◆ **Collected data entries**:
· · · ·

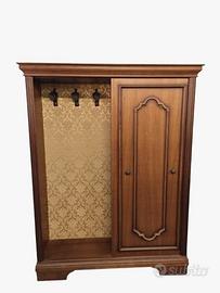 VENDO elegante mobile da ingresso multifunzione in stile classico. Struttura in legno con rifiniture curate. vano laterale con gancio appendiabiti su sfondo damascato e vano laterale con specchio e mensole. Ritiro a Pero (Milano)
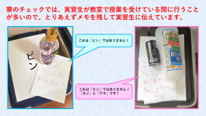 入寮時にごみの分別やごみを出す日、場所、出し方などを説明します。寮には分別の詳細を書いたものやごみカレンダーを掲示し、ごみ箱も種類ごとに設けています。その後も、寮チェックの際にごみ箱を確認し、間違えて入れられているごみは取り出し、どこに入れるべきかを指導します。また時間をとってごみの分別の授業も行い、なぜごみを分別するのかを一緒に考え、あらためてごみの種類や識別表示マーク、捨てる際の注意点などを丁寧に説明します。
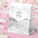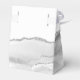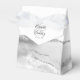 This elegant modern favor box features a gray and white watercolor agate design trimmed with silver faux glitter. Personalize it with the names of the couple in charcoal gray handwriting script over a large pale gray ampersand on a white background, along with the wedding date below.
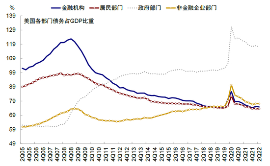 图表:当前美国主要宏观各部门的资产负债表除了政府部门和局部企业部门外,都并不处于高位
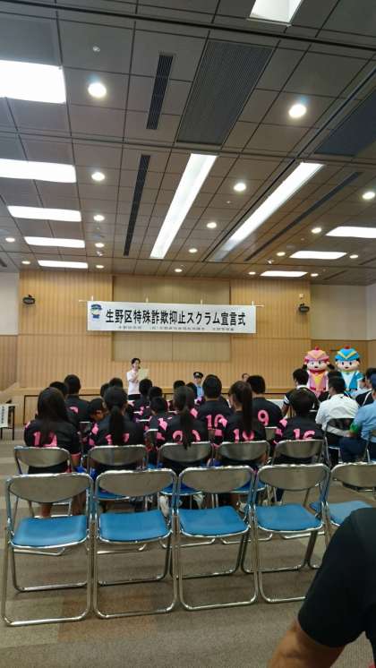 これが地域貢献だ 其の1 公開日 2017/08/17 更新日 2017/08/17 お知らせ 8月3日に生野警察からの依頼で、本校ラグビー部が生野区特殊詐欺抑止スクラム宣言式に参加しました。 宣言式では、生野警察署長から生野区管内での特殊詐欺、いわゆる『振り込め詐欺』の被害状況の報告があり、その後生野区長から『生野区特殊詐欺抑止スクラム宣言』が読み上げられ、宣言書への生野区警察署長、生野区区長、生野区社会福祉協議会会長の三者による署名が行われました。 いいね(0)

· · · ·

Could the entries above be printed again exactly, apart from the pictures?

◆ **OUTPUT OF THE TASK**:
 VENDO elegante mobile da ingresso multifunzione in stile classico. Struttura in legno con rifiniture curate. vano laterale con gancio appendiabiti su sfondo damascato e vano laterale con specchio e mensole. Ritiro a Pero (Milano)
 入寮時にごみの分別やごみを出す日、場所、出し方などを説明します。寮には分別の詳細を書いたものやごみカレンダーを掲示し、ごみ箱も種類ごとに設けています。その後も、寮チェックの際にごみ箱を確認し、間違えて入れられているごみは取り出し、どこに入れるべきかを指導します。また時間をとってごみの分別の授業も行い、なぜごみを分別するのかを一緒に考え、あらためてごみの種類や識別表示マーク、捨てる際の注意点などを丁寧に説明します。
 This elegant modern favor box features a gray and white watercolor agate design trimmed with silver faux glitter. Personalize it with the names of the couple in charcoal gray handwriting script over a large pale gray ampersand on a white background, along with the wedding date below.
 图表:当前美国主要宏观各部门的资产负债表除了政府部门和局部企业部门外,都并不处于高位
 これが地域貢献だ 其の1 公開日 2017/08/17 更新日 2017/08/17 お知らせ 8月3日に生野警察からの依頼で、本校ラグビー部が生野区特殊詐欺抑止スクラム宣言式に参加しました。 宣言式では、生野警察署長から生野区管内での特殊詐欺、いわゆる『振り込め詐欺』の被害状況の報告があり、その後生野区長から『生野区特殊詐欺抑止スクラム宣言』が読み上げられ、宣言書への生野区警察署長、生野区区長、生野区社会福祉協議会会長の三者による署名が行われました。 いいね(0)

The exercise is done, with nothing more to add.